__PROBLEM DETAILS__.
All lines below starting at the one that holds "Inside the Seedance" and ending at the one that holds "图为航拍长江中上游最大的集装箱码头——武汉新港阳逻集装箱港区 新华网 闵任之摄" should be printed exactly, ends included. Pictures should not be printed, nor anything else.

Top of RECORDS FOR PROCESSING

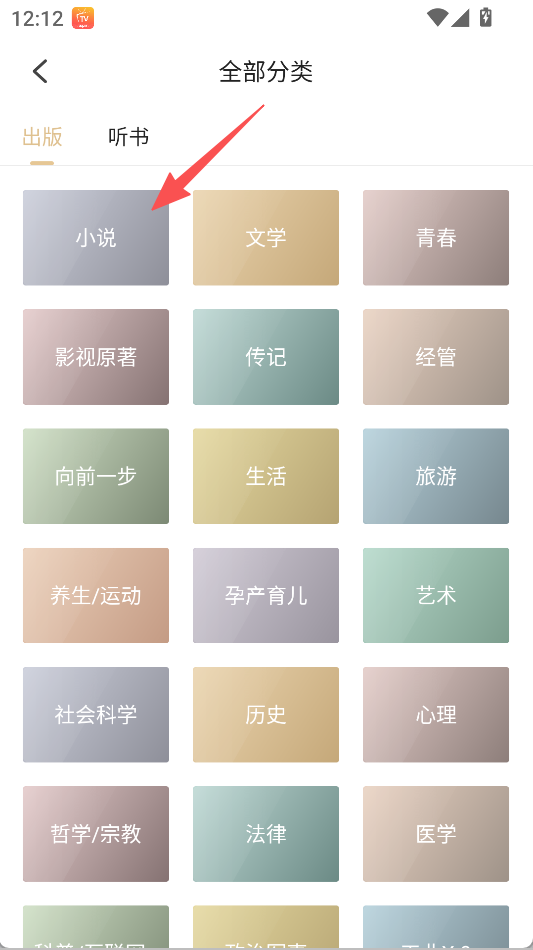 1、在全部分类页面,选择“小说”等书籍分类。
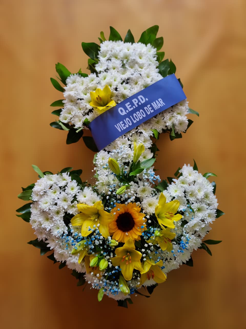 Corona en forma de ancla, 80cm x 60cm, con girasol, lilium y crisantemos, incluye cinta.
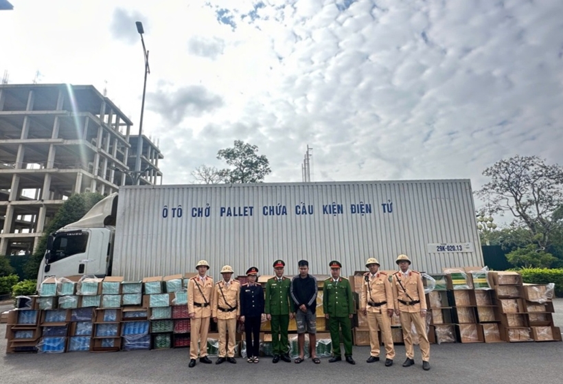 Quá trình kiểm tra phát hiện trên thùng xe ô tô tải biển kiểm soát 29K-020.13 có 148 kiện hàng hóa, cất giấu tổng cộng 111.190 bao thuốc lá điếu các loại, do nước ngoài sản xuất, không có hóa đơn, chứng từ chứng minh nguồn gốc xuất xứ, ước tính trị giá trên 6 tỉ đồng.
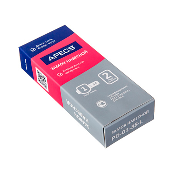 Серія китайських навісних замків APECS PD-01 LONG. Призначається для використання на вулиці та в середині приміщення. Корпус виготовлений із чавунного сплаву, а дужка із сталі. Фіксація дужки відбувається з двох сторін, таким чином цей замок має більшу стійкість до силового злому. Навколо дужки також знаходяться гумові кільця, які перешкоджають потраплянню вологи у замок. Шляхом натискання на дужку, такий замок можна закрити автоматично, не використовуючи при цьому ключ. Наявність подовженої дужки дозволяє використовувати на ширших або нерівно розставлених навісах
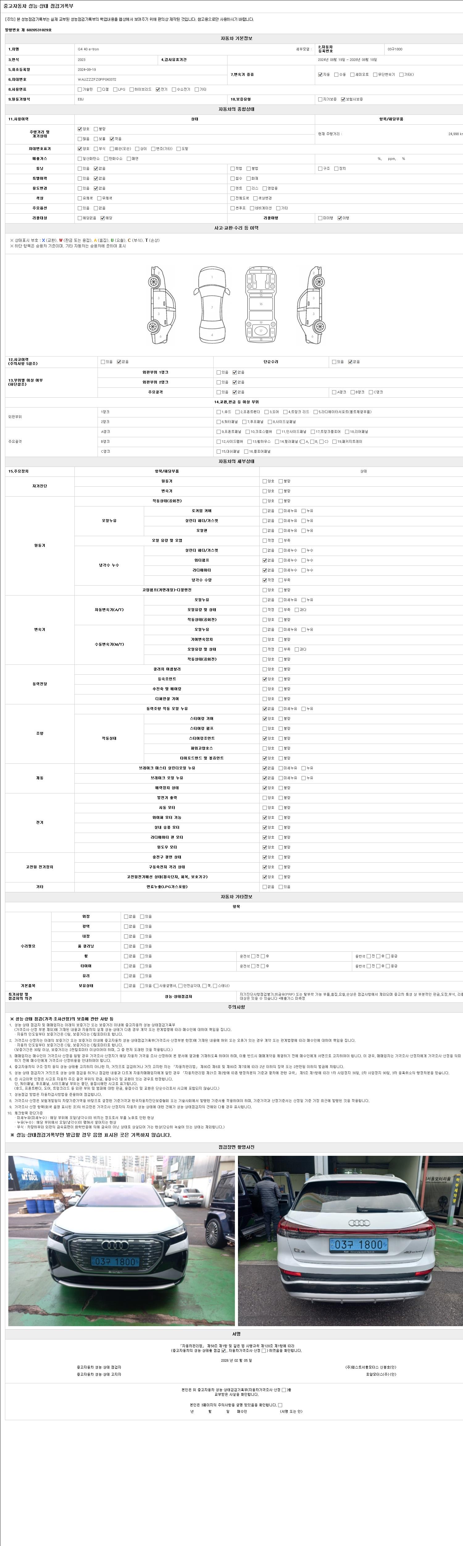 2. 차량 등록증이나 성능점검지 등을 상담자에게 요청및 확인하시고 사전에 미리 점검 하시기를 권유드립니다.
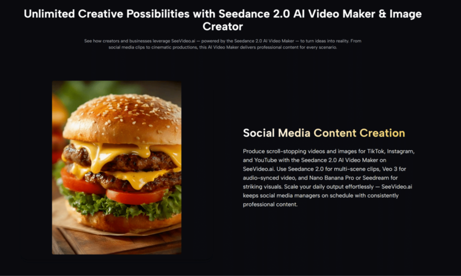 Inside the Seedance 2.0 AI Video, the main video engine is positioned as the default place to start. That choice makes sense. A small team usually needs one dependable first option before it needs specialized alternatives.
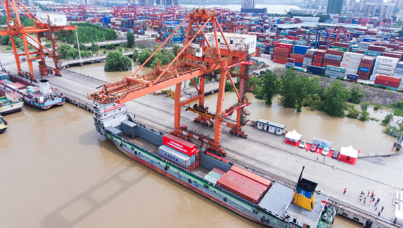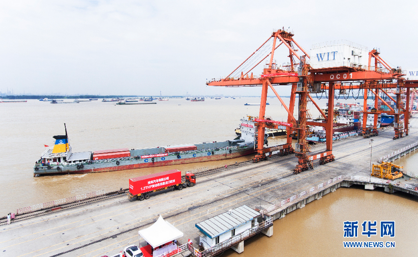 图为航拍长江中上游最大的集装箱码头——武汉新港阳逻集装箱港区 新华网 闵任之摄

Bottom of RECORDS FOR PROCESSING
Top of RECORDS FOR PROCESSING

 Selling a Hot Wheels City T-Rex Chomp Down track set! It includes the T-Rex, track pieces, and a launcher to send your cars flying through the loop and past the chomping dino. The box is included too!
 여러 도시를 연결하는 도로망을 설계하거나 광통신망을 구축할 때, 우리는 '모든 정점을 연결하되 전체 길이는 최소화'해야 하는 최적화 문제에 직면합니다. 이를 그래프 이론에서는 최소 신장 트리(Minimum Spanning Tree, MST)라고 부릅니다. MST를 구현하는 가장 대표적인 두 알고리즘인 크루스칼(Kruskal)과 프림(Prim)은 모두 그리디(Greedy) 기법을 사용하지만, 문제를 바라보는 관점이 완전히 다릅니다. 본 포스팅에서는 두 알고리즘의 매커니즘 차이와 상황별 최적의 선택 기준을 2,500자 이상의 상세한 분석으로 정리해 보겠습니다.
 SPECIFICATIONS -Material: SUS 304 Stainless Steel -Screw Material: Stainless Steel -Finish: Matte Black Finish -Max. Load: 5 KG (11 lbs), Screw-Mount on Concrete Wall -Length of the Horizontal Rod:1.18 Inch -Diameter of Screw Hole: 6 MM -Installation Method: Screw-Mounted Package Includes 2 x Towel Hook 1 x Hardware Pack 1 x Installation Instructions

Bottom of RECORDS FOR PROCESSING
Top of RECORDS FOR PROCESSING

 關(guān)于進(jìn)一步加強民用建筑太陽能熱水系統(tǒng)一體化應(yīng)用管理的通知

Bottom of RECORDS FOR PROCESSING

__WRITTEN REPLY__.
 Inside the Seedance 2.0 AI Video, the main video engine is positioned as the default place to start. That choice makes sense. A small team usually needs one dependable first option before it needs specialized alternatives.
 图为航拍长江中上游最大的集装箱码头——武汉新港阳逻集装箱港区 新华网 闵任之摄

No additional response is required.